Every processing module should contain:

  • A class inheriting Processing.
  • A run() function.
  • A self.key attribute defining the name to be used as a subcontainer for the returned data.
  • A set of data (list, dictionary or string etc.) that will be appended to the global container.

You can also specify an order value, which allows you to run the available processing modules in an ordered sequence. By default all modules are set with an order value of 1 and are executed in alphabetical order.

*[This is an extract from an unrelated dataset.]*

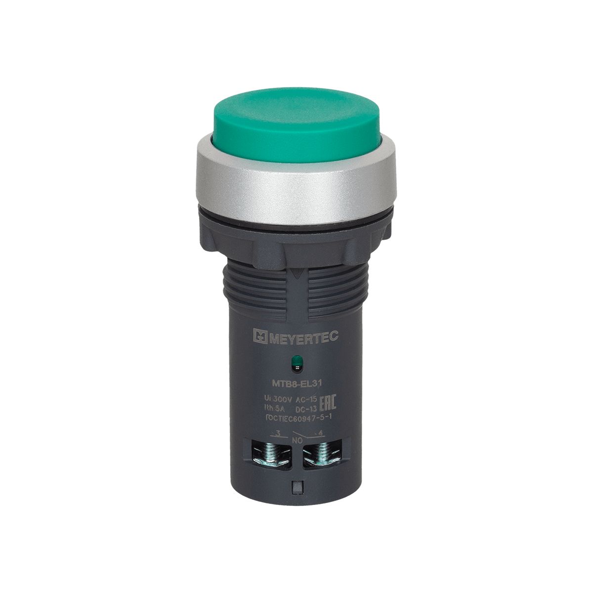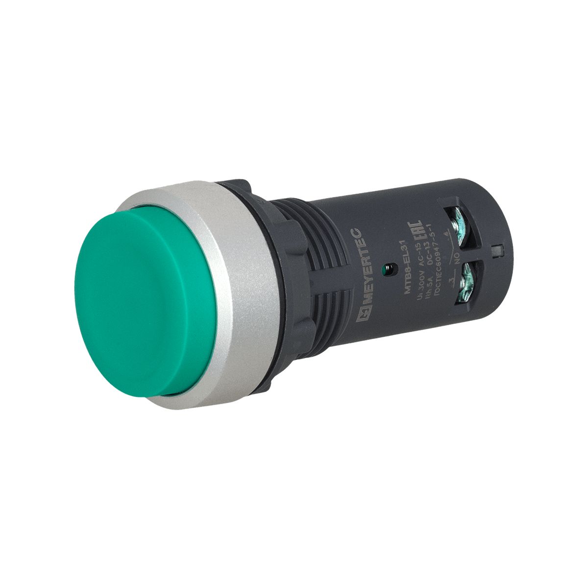 Кнопка зеленая выступающая, с возвратом, 1NO, IP65, пластик

If you want to change this value your module would look like:

1
2
3
4
5
6
7
8
9
from lib.cuckoo.common.abstracts import Processing

class MyModule(Processing):
    order = 2

    def run(self):
        self.key = "file"
        data = do_something()
        return data

The processing modules are provided with some attributes that can be used to access the raw results for the given analysis:

  • self.analysis_path: path to the folder containing the results (e.g. storage/analysis/1)
  • self.log_path: path to the analysis.log file.
  • self.conf_path: path to the analysis.conf file.
  • self.file_path: path to the analyzed file.
  • self.dropped_path: path to the folder containing the dropped files.
  • self.logs_path: path to the folder containing the raw behavioral logs.
  • self.shots_path: path to the folder containing the screenshots.
  • self.pcap_path: path to the network pcap dump.

Example

A good example to understand better the mechanics behind this is the Yara module. Yara is a tool and library used to match user’s defined signatures containing static binary patterns against the analyzed file.

 1
 2
 3
 4
 5
 6
 7
 8
 9
10
11
12
13
14
15
16
17
18
19
20
21
22
23
24
25
26
27
28
29
30
31
32
33
34
35
import os
import logging

try:
    import yara
    HAVE_YARA = True
except ImportError:
    HAVE_YARA = False

from lib.cuckoo.common.constants import CUCKOO_ROOT
from lib.cuckoo.common.abstracts import Processing

log = logging.getLogger(__name__)

class YaraSignatures(Processing):
    """Yara signature processing."""

    def run(self):
        """Run Yara processing.
        @return: hash with matches.
        """
        self.key = "yara"
        matches = []

        if HAVE_YARA:
            try:
                rules = yara.compile(filepath=os.path.join(CUCKOO_ROOT, "data", "yara", "index.yar"))
                for match in rules.match(self.file_path):
                    matches.append({"name" : match.rule, "meta" : match.meta})
            except yara.Error as e:
                log.warning("Unable to match Yara signatures: %s" % e[1])
        else:
            log.warning("Yara is not installed, skip")

        return matches

As you can see in line #22 we defined the key name for the module. Next in the run() function we compile the signatures file and match every signature against the file located at self.file_path. The matched signatures are appended in the matches dictionary which is then returned and that will be included in the global container under the section “yara”.